1. Официальный документ Cisco, Ботнет: новый характер угроз, Cisco Systems, Inc, 2008, 9 с. – URL: http://www.cisco.com/web/RU/downloads/Botnets.pdf.
2. Богданова, И.Ф. Информационная безопасность: классификация компьютерных угроз / И.Ф. Богданова // Интернет и современное общество: Труды ХI Всероссийской объединенной конференции(28-30 октября 2008 г., Санкт-Петербург). - СПб.: Факультет филологии и искусств СПбГУ, 2008. - С. 27-29. - URL: http://conf.infosoc.ru/2008/pdf_HI/BogdanovaN.pdf
3. К.Л. Берлизева, Ю.М. Монахов, «Подготовка экспериментов по проверке работоспособности метода обнаружения ботнетов на основе кластерного анализа и метода обнаружния ботнетов на основе скрытой марковской гибридной модели», url: http://izi.vlsu.ru/HTC/1.pdf.

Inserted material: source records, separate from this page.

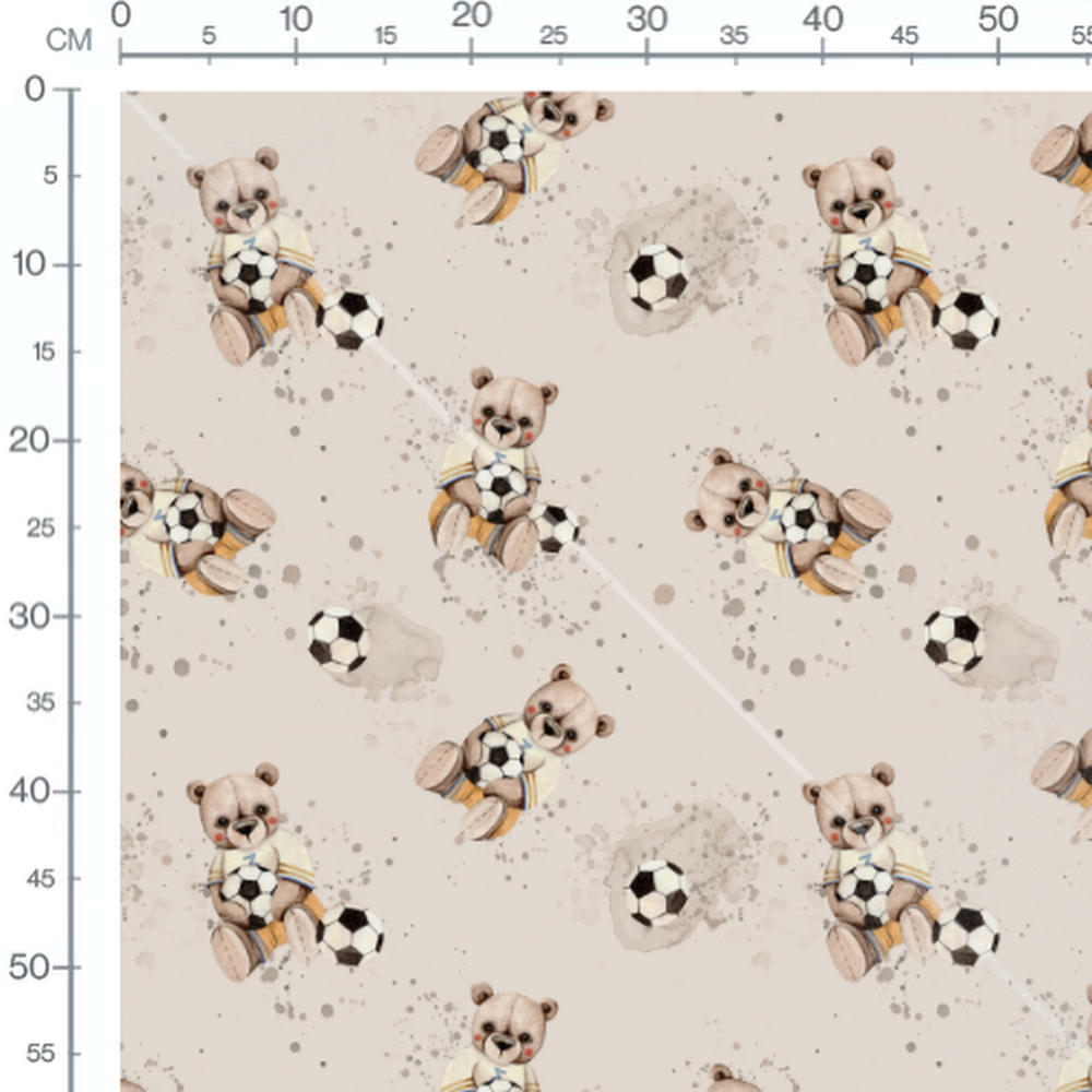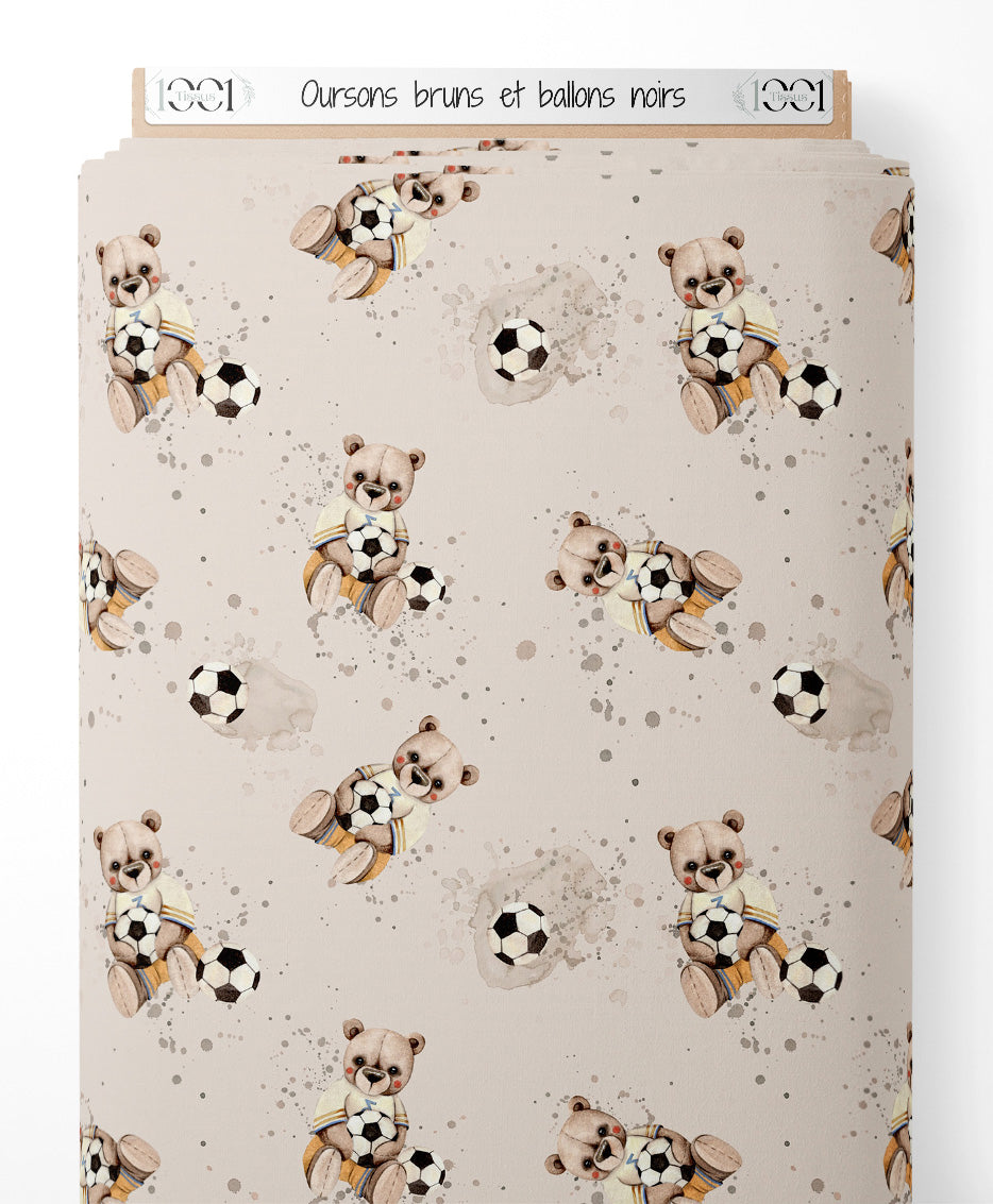 Les oursons portent des vêtements rayés et tiennent des ballons de football. Le fond beige est parsemé de taches aquarelles grises et brunes. Les ballons de football sont noirs et blancs.Les tissus
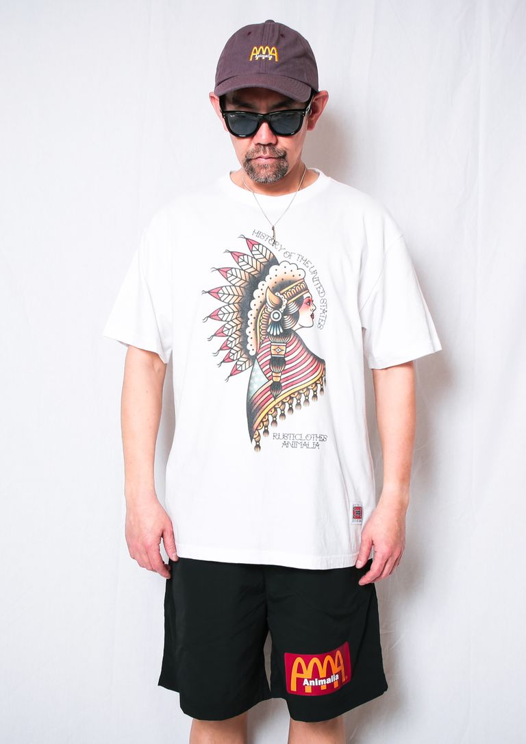 ネイティブアメリカンの象徴「War Bonnet」(ウォーボンネット)と星条旗を纏った女性をTraditional Tattoo風に描いたANIMALIAらしいグラフィックが入るモデル。
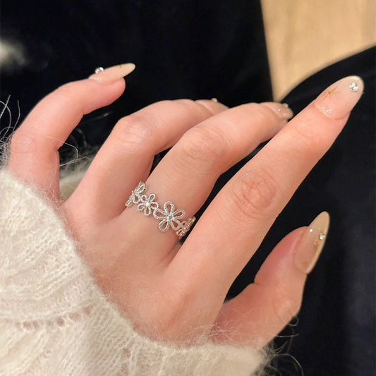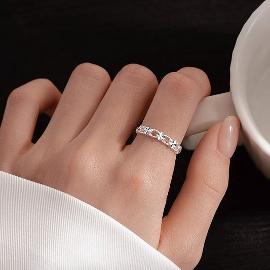 F廠【DQ8056R】足銀999幸運四葉草戒指女韓版簡約鏤空花朵簡約森系開口指環 25.05-2
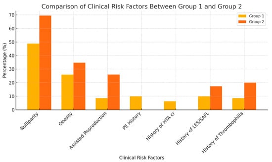 Comparison of clinical risk factors between group 1 and group 2.
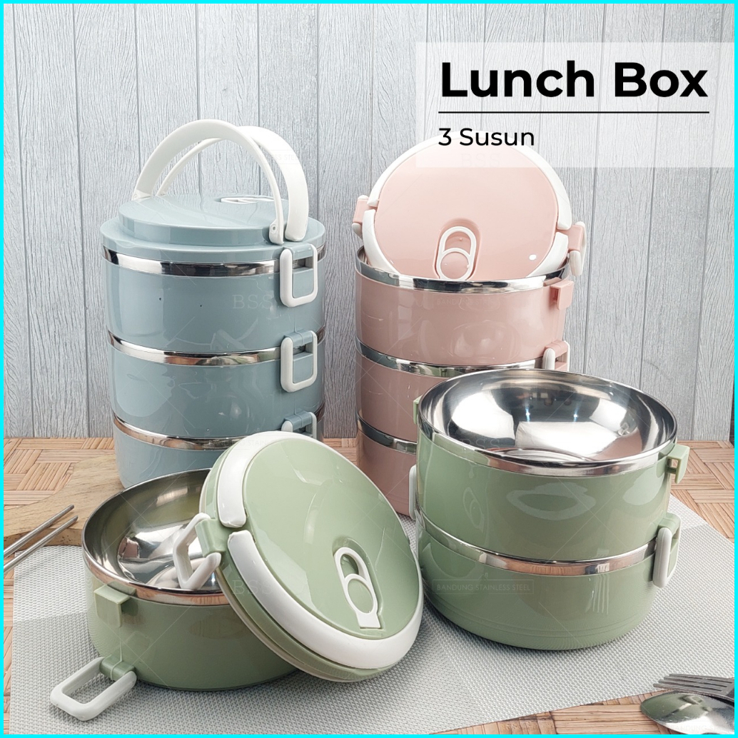 Rantang Lunch Box 3 Susun Polos Lucu Elegan Tempat Bekel Makanan
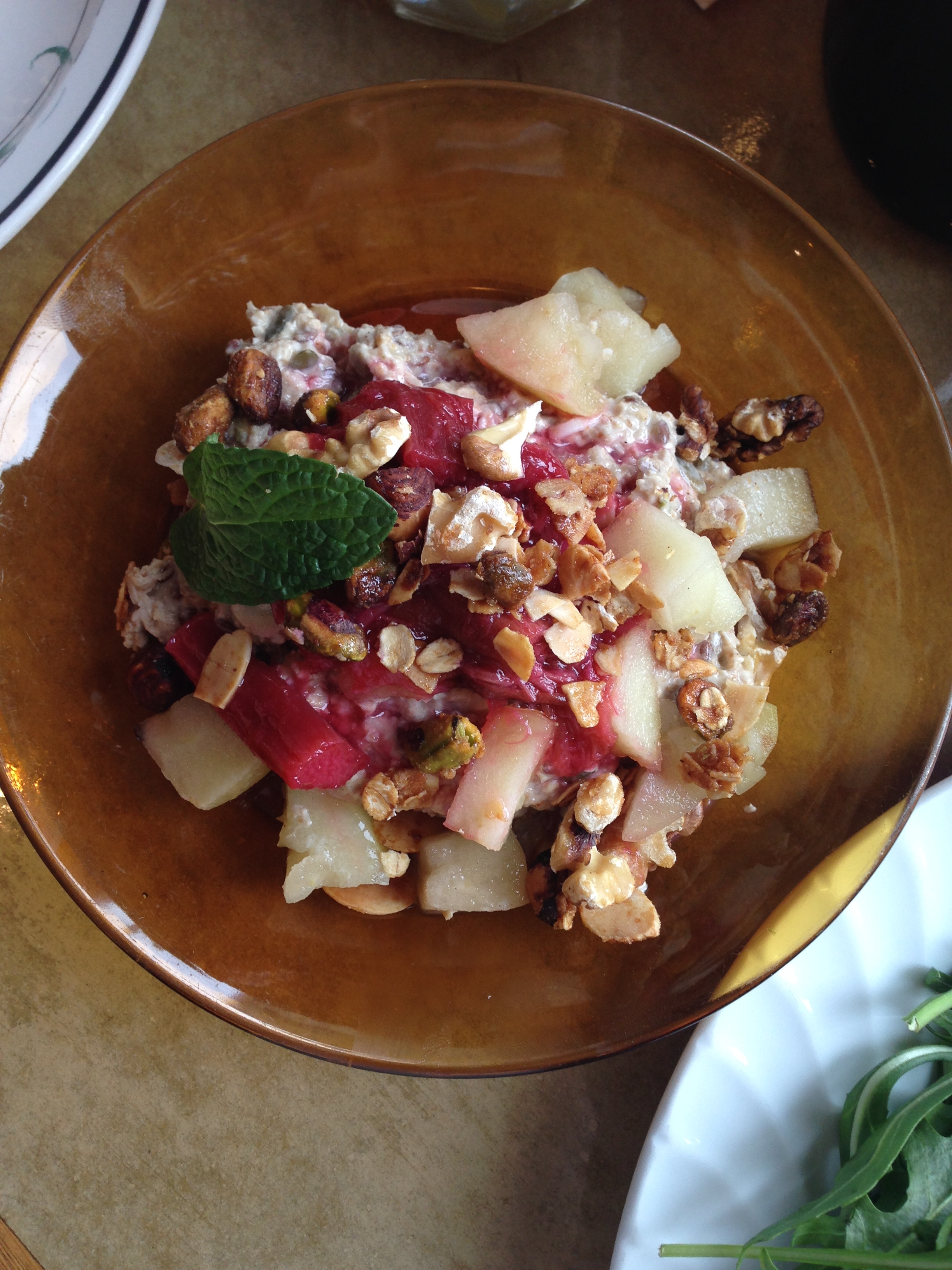 i’m loving anything served with poached rhubarb at the moment, but even without it the bircher could stand well alone on its own. oats were creamy + the extra crunch of the nuts made this is a great dish (and i’ll admit to going back for this again).
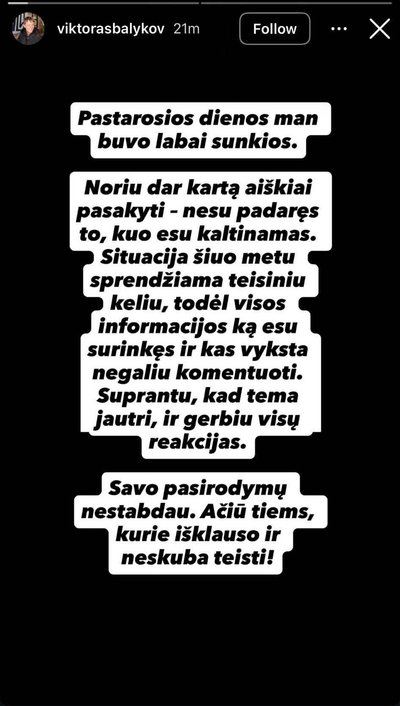 „Noriu dar kartą aiškiai pasakyti – nesu padaręs to, kuo esu kaltinamas. Situacija šiuo metu sprendžiama teisiniu keliu, todėl visos turimos informacijos ir vykstančių procesų negaliu komentuoti. Suprantu, kad ši tema yra jautri, ir gerbiu visų žmonių reakcijas.
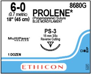 1 DZ/BX^ Suture Prolene Polypropylene 6-0. 18"~45cm. Blue Monofilament. Needle Size: P-3 16mm 3/8 Circle. Non-Absorbable. Precision Point-Reverse Cutting Prime. 1 DZ/BX

4. И.В. Котенко, А.М. Коновалов, А.В. Шоров, «Исследование бот-сетей и механизмов противодействия им на основе имитационного моделирования», url: http://simulation.su/uploads/files/default/2012-kotenko-shorov-1.pdf
5. Pub. No.: US2011/0004936 A1. Pub. Date: Jan. 6, 2011. Botnet early detection using hybrid hidden Markov model algorithm, Hahn-Ming Lee, Ching-Hao Mao, Yu-Jie Chen, Yi-Hsun Wang, Jerome Yeh, Tsu-Han Chen (TW).
6. В.Д. Погребенник, П.Т. Хромчак, Національний університет Львівська політехніка,кафедра захисту інформації, «Розроблення моделі системи виявлення центрів управління ботнетами»,url: http://archive.nbuv.gov.ua/portal/natural/Vnulp/Avtomatyka/2009_639/16.pdf
7. Wernhuar Tarng, Cheng-Kang Chou and Kuo-Liang Ou, A P2P botnet virus detection system based on data-mining algorithms, International Journal of Computer Science & Information Technology (IJCSIT) Vol 4, No 5, October 2012.